# INPUT MATERIAL:
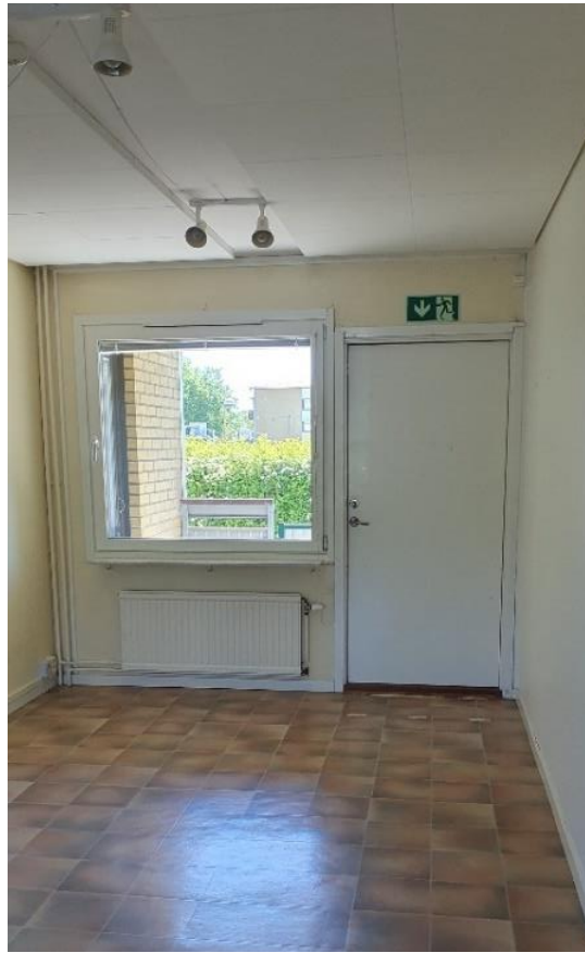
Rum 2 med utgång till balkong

---

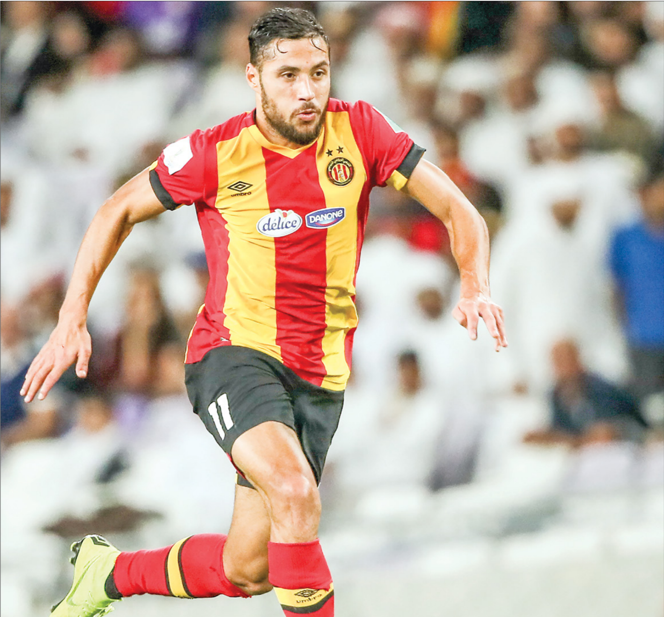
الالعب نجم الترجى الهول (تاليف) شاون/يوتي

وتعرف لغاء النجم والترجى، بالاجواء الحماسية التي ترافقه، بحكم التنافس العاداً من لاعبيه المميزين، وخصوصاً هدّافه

# AIM OF THE TASK:
After locating the line with "الالعب نجم الترجى الهول (تاليف) شاون/يوتي" in the material above, return it and each line after it exactly, ending at the line with "وتعرف لغاء النجم".

# WRITTEN RESPONSE:
الالعب نجم الترجى الهول (تاليف) شاون/يوتي

وتعرف لغاء النجم والترجى، بالاجواء الحماسية التي ترافقه، بحكم التنافس العاداً من لاعبيه المميزين، وخصوصاً هدّافه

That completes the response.